Make a 1.6L yeast starter using DME (OG~1.038) and Wyeast 1038 (London Ale III) and 1/4tsp of nutrient. Stir on stir-plate for 36 hours before putting it into the refrigerator for 4 days. Remove starter from the fridge on the morning of brew day and decant cold beer off of the yeast cake. Let yeast cake raise to RT during the ~6 hours of brewing and then pitch the slurry.

Does this look OK? Also, should I activate the Smack-pack here before adding it to the starter or just warm to RT and add to the flask? Thanks!
 
- I think your plan is just fine.
- I always smack the pack a few hours before building the starter so it's warmed up to RT in time to pitch.
- You could shorten the stir plate run to 24 hours or even less if it helps with your schedule.

I've actually never had a stir plate starter take more than 18 hours to reach terminal gravity, though I suppose I should mention I kick mine off with a healthy dose of straight O2...

Cheers!
 
I only run my starters for about 18 hours, chill overnight, then it is usually late afternoon when I decant and pitch. After you decant the beer off the yeast it should only take 15 -30 minutes to come to room temperature. Though, if covered 6 hours would not hurt anything. Given the 4 days in the fridge, I would slightly overbuild my starter to account for a small loss of viability. Maybe you have already accounted for that.
 
That's a good point. I'll make the starter a little bigger than beersmith predicts. Thanks!

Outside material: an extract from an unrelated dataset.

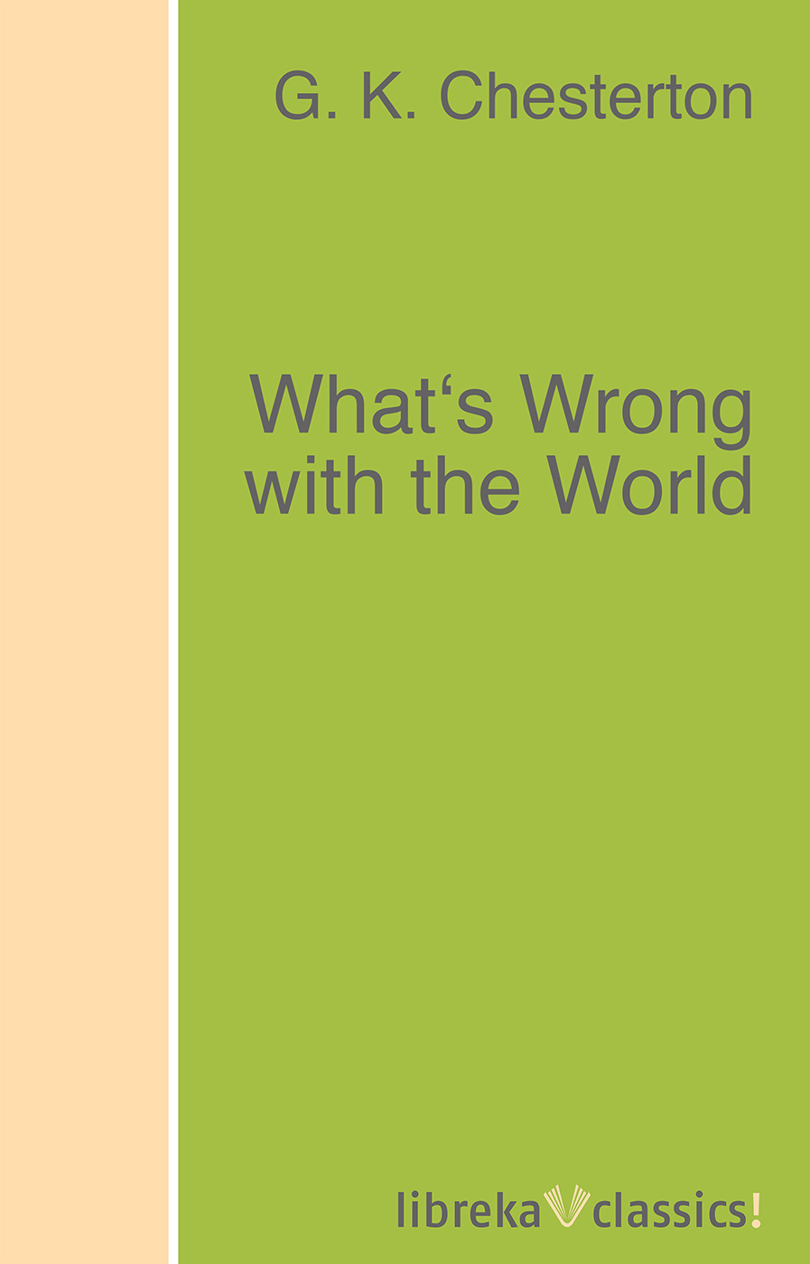 PART ONE. THE HOMELESSNESS OF MAN I. THE MEDICAL MISTAKE II. WANTED, AN UNPRACTICAL MAN III. THE NEW HYPOCRITE IV. THE FEAR OF THE PAST V. THE UNFINISHED TEMPLE VI. THE ENEMIES OF PROPERTY VII. THE FREE FAMILY VIII. THE WILDNESS OF DOMESTICITY IX. HISTORY OF HUDGE AND GUDGE X. OPPRESSION BY OPTIMISM XI. THE HOMELESSNESS OF JONES PART TWO. IMPERIALISM, OR THE MISTAKE ABOUT MAN I. THE CHARM OF JINGOISM II. WISDOM AND THE WEATHER III. THE COMMON VISION IV. THE INSANE NECESSITY PART THREE. FEMINISM, OR THE MISTAKE ABOUT WOMAN I. THE UNMILITARY SUFFRAGETTE II. THE UNIVERSAL STICK III. THE EMANCIPATION OF DOMESTICITY IV. THE ROMANCE OF THRIFT V. THE COLDNESS OF CHLOE VI. THE PEDANT AND THE SAVAGE VII. THE MODERN SURRENDER OF WOMAN VIII. THE BRAND OF THE FLEUR-DE-LIS IX. SINCERITY AND THE GALLOWS X. THE HIGHER ANARCHY XI. THE QUEEN AND THE SUFFRAGETTES XII. THE MODERN SLAVE PART FOUR. EDUCATION: OR THE MISTAKE ABOUT THE CHILD I. THE CALVINISM OF TO-DAY II. THE TRIBAL TERROR III. THE TRICKS OF ENVIRONMENT IV. THE TRUTH ABOUT EDUCATION V. AN EVIL CRY VI. AUTHORITY THE UNAVOIDABLE VII. THE HUMILITY OF MRS. GRUNDY VIII. THE BROKEN RAINBOW IX. THE NEED FOR NARROWNESS X. THE CASE FOR THE PUBLIC SCHOOLS XI. THE SCHOOL FOR HYPOCRITES XII. THE STALENESS OF THE NEW SCHOOLS XIII. THE OUTLAWED PARENT XIV. FOLLY AND FEMALE EDUCATION PART FIVE. THE HOME OF MAN I. THE EMPIRE OF THE INSECT II. THE FALLACY OF THE UMBRELLA STAND III. THE DREADFUL DUTY OF GUDGE IV. A LAST INSTANCE V. CONCLUSION THREE NOTES I. ON FEMALE SUFFRAGE II. ON CLEANLINESS IN EDUCATION III. ON PEASANT PROPRIETORSHIPDEDICATION To C. F G. Masterman, M. P. My Dear Charles, I originally called this book "What is Wrong," and it would have satisfied your sardonic temper to note the number of social misunderstandings that arose from the use of the title. Many a mild lady visitor opened her eyes when I remarked casually, "I have been doing 'What is Wrong' all this morning." And one minister of religion moved quite sharply in his chair when I told him (as he understood it) that I had to run upstairs and do what was wrong, but should be down again in a minute. Exactly of what occult vice they silently accused me I cannot conjecture, but I know of what I accuse myself; and that is, of having written a very shapeless and inadequate book, and one quite unworthy to be dedicated to you. As far as literature goes, this book is what is wrong and no mistake. It may seem a refinement of insolence to present so wild a composition to one who has recorded two or three of the really impressive visions of the moving millions of England. You are the only man alive who can make the map of England crawl with life; a most creepy and enviable accomplishment. Why then should I trouble you with a book which, even if it achieves its object (which is monstrously unlikely) can only be a thundering gallop of theory? Well, I do it partly because I think you politicians are none the worse for a few inconvenient ideals; but more because you will recognise the many arguments we have had, those arguments which the most wonderful ladies in the world can never endure for very long. And, perhaps, you will agree with me that the thread of comradeship and conversation must be protected because it is so frivolous. It must be held sacred, it must not be snapped, because it is not worth tying together again. It is exactly because argument is idle that men (I mean males) must take it seriously; for when (we feel), until the crack of doom, shall we have so delightful a difference again? But most of all I offer it to you because there exists not only comradeship, but a very different thing, called friendship; an agreement under all the arguments and a thread which, please God, will never break. Yours always, G. K. Chesterton.

I routinely do what you've described and always have good success with my primaries so I'd say you're fine. As for going over a little on the starter, it's definitely a good idea for extended storage. I once stored a starter in a mason jar after I chilled and decanted for 2 weeks and it still pitched fine. Obviously lost a little viability but still clearly better than direct pitch.
 
I routinely do what you've described and always have good success with my primaries so I'd say you're fine. As for going over a little on the starter, it's definitely a good idea for extended storage. I once stored a starter in a mason jar after I chilled and decanted for 2 weeks and it still pitched fine. Obviously lost a little viability but still clearly better than direct pitch.